▶ _Assigned task_
Output the data below exactly, without images.

Stored dataset items
((

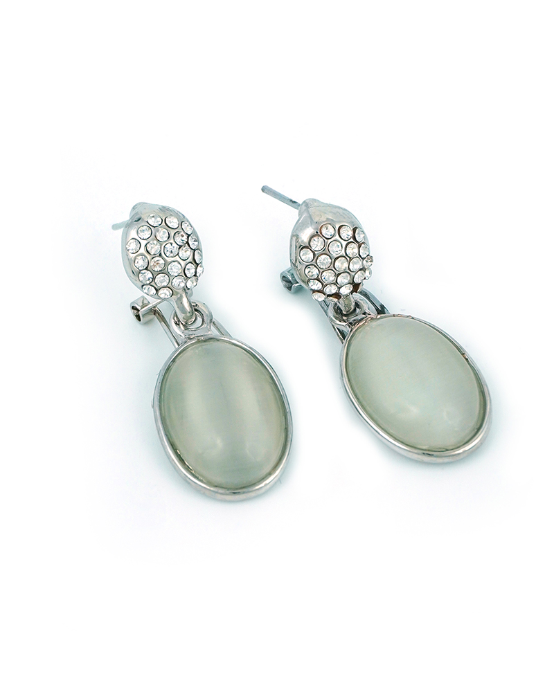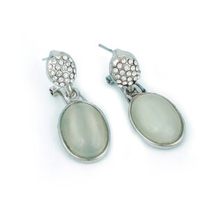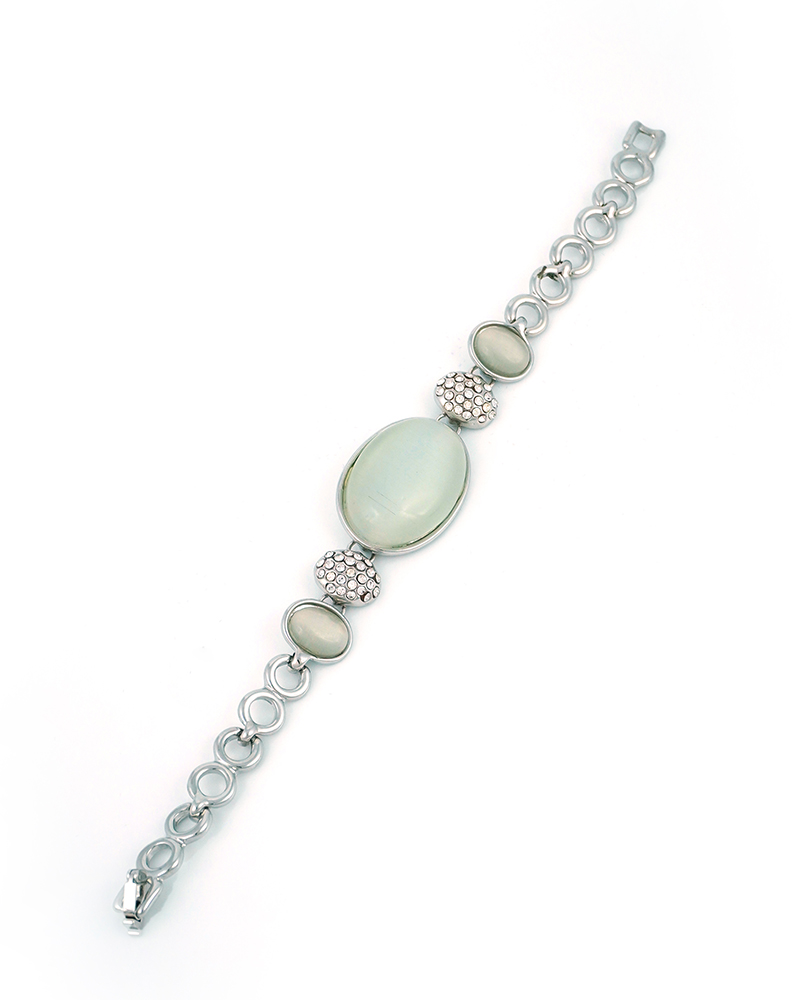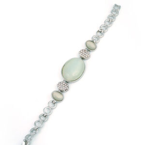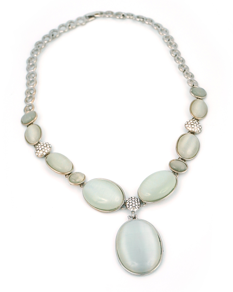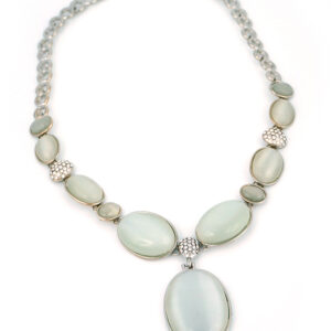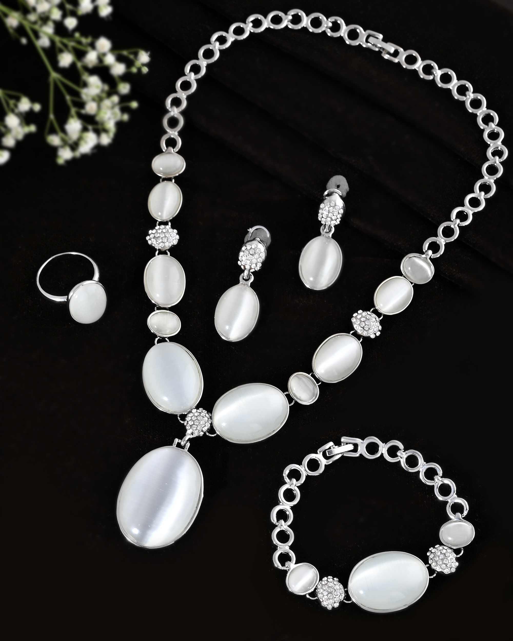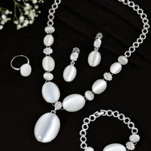 Gracefully designed with elegance in mind, this silver-plated jewelry set features luminous white oval stones framed in polished settings. The necklace boasts a striking central pendant, complemented by a coordinating bracelet, earrings, and ring. Sparkling crystal-studded spacers add a touch of brilliance, making this set ideal for formal occasions, bridal wear, or upscale evening events.
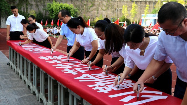 全體師生集體宣誓,學(xué)校教師代表和學(xué)生代表分別進(jìn)行了簽名,莊嚴(yán)承諾厲行節(jié)約、拒絕浪費(fèi)。
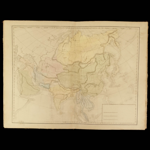 Kiepert tarafından hazırlanan "Dünyanın her yerini gösteren yeni el tipi atlas"ın, tamamen düzeltilmiş ve genişletilmiş ikinci baskısı. Günümüze eksiksiz ulaşan atlas içerisinde 45 adet harita yer almaktadır. Kenarları deri kaplamalı tümüyle bez dönem cildinde. Kapak köşelerinde pirinç koruma başlıkları mevcuttur (arka kapağın alt köşesindeki eksik). İç kapakları ebrulu. *Deri sırtı kopmuş, geriye bez kaplama kalmıştır.
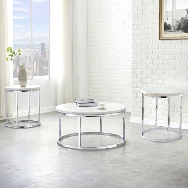 Round center table set along with shiny stainless steel base. The beautiful modern stainless steel center table set which have the plain beautiful white marble at the top of the center table. New amazing look with one big & two small side table for home decor.
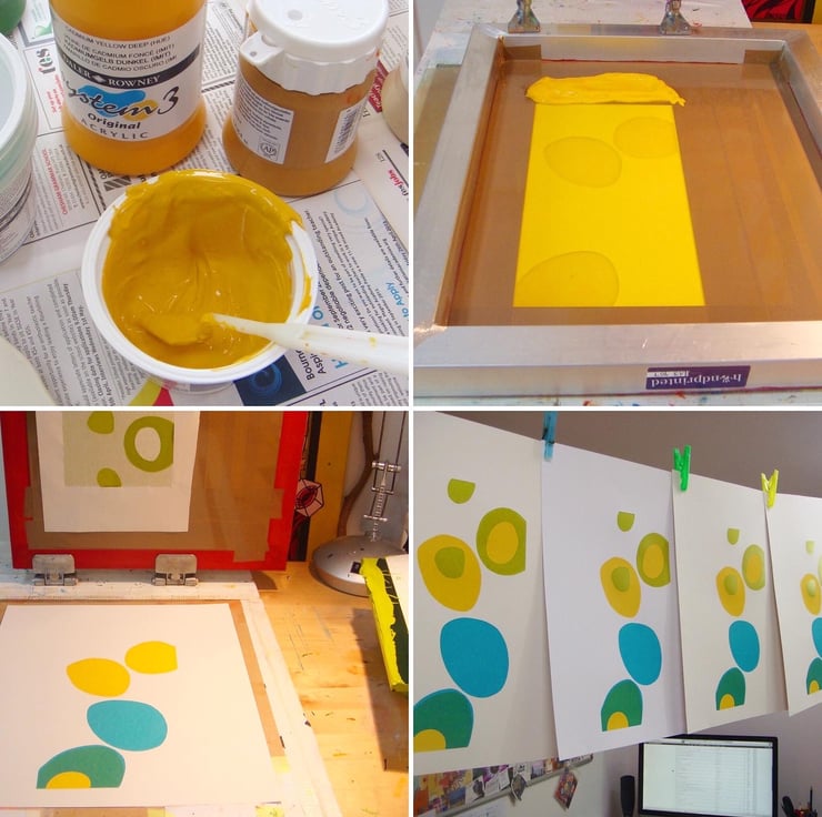 This striking silkscreen print has been produced with a series of paper stencils. I work on A3 screens in my home studio and really enjoy the process of mixing colours and building up designs. This design is based on seeds and cells.
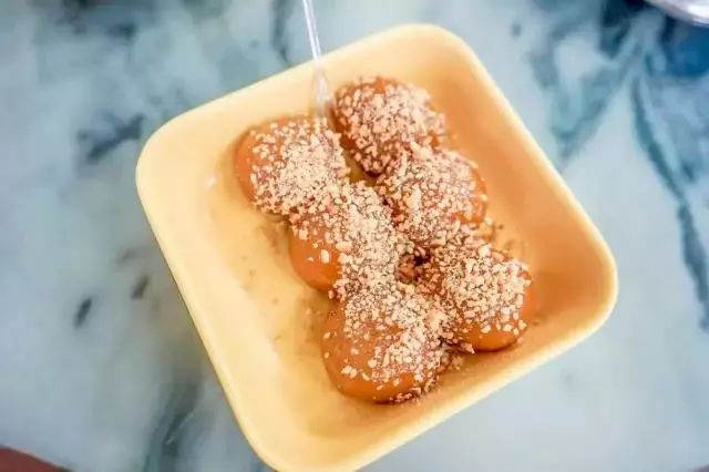 淋上黃糖漿和香脆嘅芝麻花生粒,仲隻隻都好大粒添
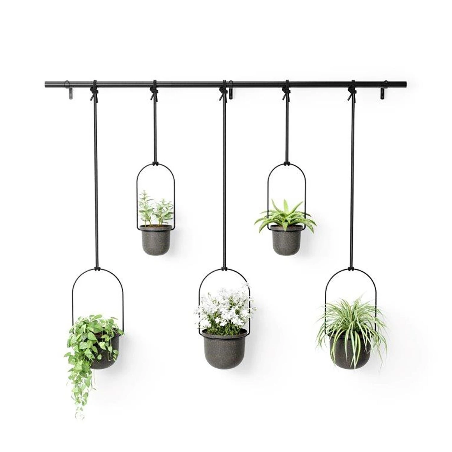 Triflora is a hanging planter for indoor plants that combines the utility of a drapery rod with the beauty of potted plants. Great for herbs, succulents, vine plants and more, Triflora Hanging Planter mounts to your wall or ceiling and adds functionality to your window by turning it into a space for growing plants. Because its pots are made from durable recycled molded polypropylene, Triflora remains lightweight even once plants are potted, allowing Triflora to be the lightest weight possible. You can adjust the length of Triflora’s ropes and slide them anywhere along the metal rod to customize the position of each hanging pot. The pots can hold two standard 3-inch (7.6 cm) diameter pots and three 6-inch (15 cm) pots (so there’s no need for re-potting). Max weight capacity of 20lbs. (9.1 kg). Triflora can also be used outdoors. Need some drainage? Easily drill a small hole into the bottom of each pot.
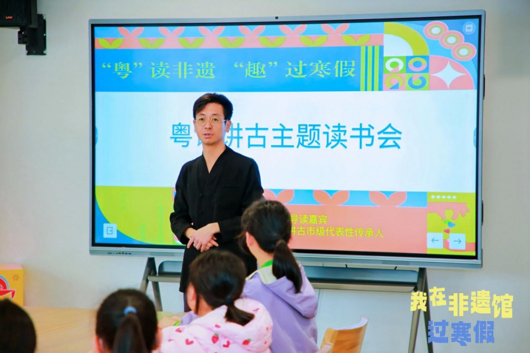 逢周六下午举办的“粤读非遗,趣过寒假”主题读书会,邀请多位非遗传承人及文化嘉宾现场导读,带领大小朋友走进书香弥漫的非遗世界。粤语讲古市级代表性传承人彭嘉志以生动地道的粤语,讲述老广州的街头巷尾故事。《老广新游》系列图书作者王大欣带来《粤港澳大湾区非遗地图》插画分享会,讲述创作背后的采风趣事。
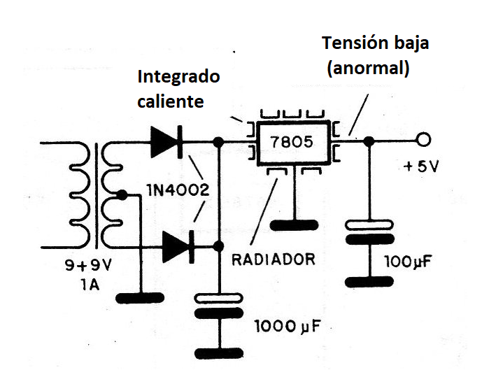 Al comprobar el calentamiento del integrado es interesante tener en cuenta el consumo total del aparato. Para muchos TTL en una misma placa es normal un calentamiento del integrado de la fuente.
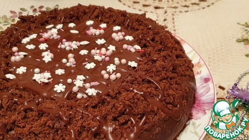 Крошкой присыпем вокруг корж, можно бока, если много крошки получилось, но в центр не надо класть, тут мы смажем глазурью.
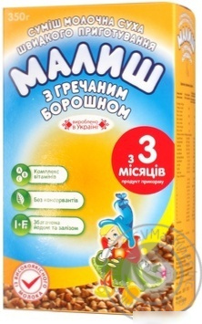 СМЕСЬ СУХАЯ НА МОЛОЧНО-ЗЕРНОВОЙ ОСНОВЕ «МАЛЫШ» С ГРЕЧНЕВОЙ МУКОЙ 350 г с 4 месяцев

))

▶ _Answer area_
 Gracefully designed with elegance in mind, this silver-plated jewelry set features luminous white oval stones framed in polished settings. The necklace boasts a striking central pendant, complemented by a coordinating bracelet, earrings, and ring. Sparkling crystal-studded spacers add a touch of brilliance, making this set ideal for formal occasions, bridal wear, or upscale evening events.
 全體師生集體宣誓,學(xué)校教師代表和學(xué)生代表分別進(jìn)行了簽名,莊嚴(yán)承諾厲行節(jié)約、拒絕浪費(fèi)。
 Kiepert tarafından hazırlanan "Dünyanın her yerini gösteren yeni el tipi atlas"ın, tamamen düzeltilmiş ve genişletilmiş ikinci baskısı. Günümüze eksiksiz ulaşan atlas içerisinde 45 adet harita yer almaktadır. Kenarları deri kaplamalı tümüyle bez dönem cildinde. Kapak köşelerinde pirinç koruma başlıkları mevcuttur (arka kapağın alt köşesindeki eksik). İç kapakları ebrulu. *Deri sırtı kopmuş, geriye bez kaplama kalmıştır.
 Round center table set along with shiny stainless steel base. The beautiful modern stainless steel center table set which have the plain beautiful white marble at the top of the center table. New amazing look with one big & two small side table for home decor.
 This striking silkscreen print has been produced with a series of paper stencils. I work on A3 screens in my home studio and really enjoy the process of mixing colours and building up designs. This design is based on seeds and cells.
 淋上黃糖漿和香脆嘅芝麻花生粒,仲隻隻都好大粒添
 Triflora is a hanging planter for indoor plants that combines the utility of a drapery rod with the beauty of potted plants. Great for herbs, succulents, vine plants and more, Triflora Hanging Planter mounts to your wall or ceiling and adds functionality to your window by turning it into a space for growing plants. Because its pots are made from durable recycled molded polypropylene, Triflora remains lightweight even once plants are potted, allowing Triflora to be the lightest weight possible. You can adjust the length of Triflora’s ropes and slide them anywhere along the metal rod to customize the position of each hanging pot. The pots can hold two standard 3-inch (7.6 cm) diameter pots and three 6-inch (15 cm) pots (so there’s no need for re-potting). Max weight capacity of 20lbs. (9.1 kg). Triflora can also be used outdoors. Need some drainage? Easily drill a small hole into the bottom of each pot.
 逢周六下午举办的“粤读非遗,趣过寒假”主题读书会,邀请多位非遗传承人及文化嘉宾现场导读,带领大小朋友走进书香弥漫的非遗世界。粤语讲古市级代表性传承人彭嘉志以生动地道的粤语,讲述老广州的街头巷尾故事。《老广新游》系列图书作者王大欣带来《粤港澳大湾区非遗地图》插画分享会,讲述创作背后的采风趣事。
 Al comprobar el calentamiento del integrado es interesante tener en cuenta el consumo total del aparato. Para muchos TTL en una misma placa es normal un calentamiento del integrado de la fuente.
 Крошкой присыпем вокруг корж, можно бока, если много крошки получилось, но в центр не надо класть, тут мы смажем глазурью.
 СМЕСЬ СУХАЯ НА МОЛОЧНО-ЗЕРНОВОЙ ОСНОВЕ «МАЛЫШ» С ГРЕЧНЕВОЙ МУКОЙ 350 г с 4 месяцев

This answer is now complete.